Sitting on a Metacritic score of only 35, WWE 2K18 was lambasted by critics for not being good enough to be released as a commercial product. The game had seen an understandable graphical downgrade from its Xbox One and PS4 counterparts, although this didn’t help 2K18’s performance. Glitches and slowdown plague 2K18, with any matches featuring more than two wrestlers, as well as entrances, causing performance issues.
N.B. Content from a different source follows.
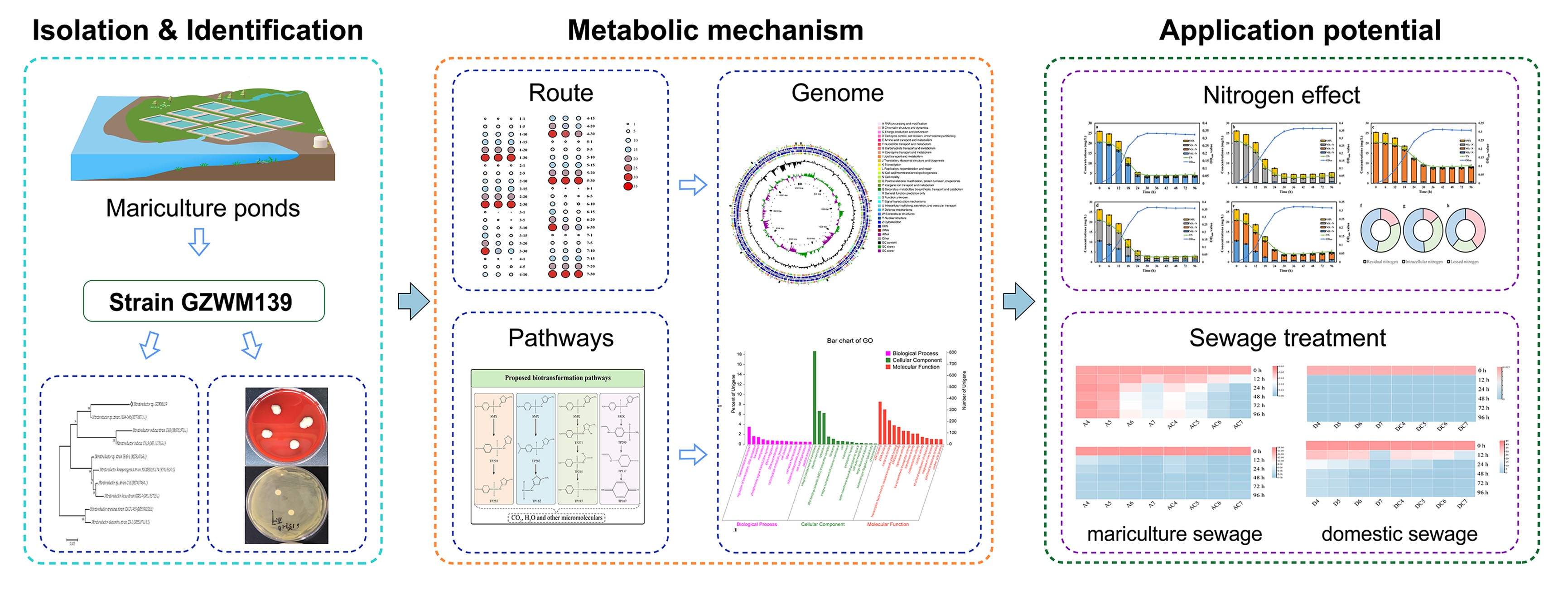 微生物降解法是目前最具潜力的抗生素消除技术。然而,目前已获得的能够适应水产养殖环境的降解磺胺甲恶唑菌株非常稀缺,且其降解机理尚不明晰。基于以上问题,本论文从对虾池塘养殖环境中分离得到一株高效磺胺甲恶唑降解菌株(Nitratireductor sp. GZWM139),该菌株对于不同环境因子(温度、盐度、pH、溶解氧)具有良好的适应性,并从降解方式、降解途径、细胞响应、基因解析四个方面阐明了该菌株对磺胺甲恶唑的降解机制,同时该菌株还具有高效的脱氮效能;应用实验表明该菌株对水产养殖尾水和生活污水中的磺胺甲恶唑、氮化合物具有良好的去除效果。该研究首次报道了硝酸盐还原菌属(Nitratireductor)的抗生素降解能力,不仅为磺胺甲恶唑消除提供了一株具有广泛应用前景的候选菌株,也为磺胺甲恶唑微生物降解机理提供了全面认知。

Ranking worse than the likes of Backyard Wrestling, both ECW games and WCW Backstage Assault, WWE 2K18 on Switch is one of the worst wrestling games ever released.
2. FIFA Legacy Edition(s)
Developer: EA Sports
Publisher: EA Sports
For quite a while now, EA hasn’t been very kind to FIFA players on Nintendo consoles. Previously, the Wii and Wii U would often get inferior versions of their more powerful console cousins, and this has seemingly only grown worse on Nintendo Switch. Of course, the Switch isn’t as powerful as either Xbox Series or the PS5, but back in the old days when creating a port, it would sometimes be needed to rework games to take advantage of lesser hardware.
EA, despite their millions, hasn’t done this, and instead has continued to rerelease FIFA 18, only updating the players and teams, and calling these releases ‘Legacy Editions’. EA obviously sees the Xbox and PlayStation as the focus for their titles, and that’s understandable, as they tend to have different demographics. But EA have gone to lengths to seemingly punish players for having a Nintendo console.
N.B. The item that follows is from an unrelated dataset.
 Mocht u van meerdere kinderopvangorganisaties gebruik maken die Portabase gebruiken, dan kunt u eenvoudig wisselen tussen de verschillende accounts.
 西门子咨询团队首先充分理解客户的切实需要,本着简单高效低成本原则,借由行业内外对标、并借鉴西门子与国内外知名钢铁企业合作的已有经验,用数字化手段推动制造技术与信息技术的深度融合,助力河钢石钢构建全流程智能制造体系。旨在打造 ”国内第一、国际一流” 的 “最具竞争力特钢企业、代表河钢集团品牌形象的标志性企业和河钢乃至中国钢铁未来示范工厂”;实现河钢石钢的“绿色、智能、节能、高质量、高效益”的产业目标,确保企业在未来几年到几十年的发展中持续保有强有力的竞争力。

FIFA 22 is merely FIFA 18 but with a ‘22’ sellotaped over the logo. It’s lazy at best, so lazy in fact that few outlets even bothered to review it. Out of the three reviews Metacritic tracked, it holds an average of 23.
1. Ark: Survival Evolved
Developer: Studio Wildcard
Publisher: Studio Wildcard
There could be no other choice.
Ark: Survival Evolved doesn’t have the best reputation as a video game, especially on consoles. Other console versions have received mixed reviews, though the game does have pretty solid user reviews on Steam. Ark isn’t a stranger to controversy either, the company releasing paid DLC while the game was still unfinished and in early access, which annoyed many fans. Still, Ark has been a huge success, selling over 5 million copies on PC and Xbox One alone.
Controversy and slightly wonky reviews do not compare to the mess that Ark: Survival Evolved is on Switch. It currently sits on a woeful 29 on Metacritic, ranking it the 9th worst Switch game released to date. Reviews slate the awful graphics, with some saying they are inferior to smartphone ports of Ark. It has a full house of issues, performance problems, slowdown, pop-in and blurry texture all help to turn this unbalanced and awkward dinosaur survival game into an outright mess.
If you must play Ark, play it somewhere else. But if you have to play it on Switch, make sure you wait until the new version releasing this September that will supposedly fix all these issues, five years later.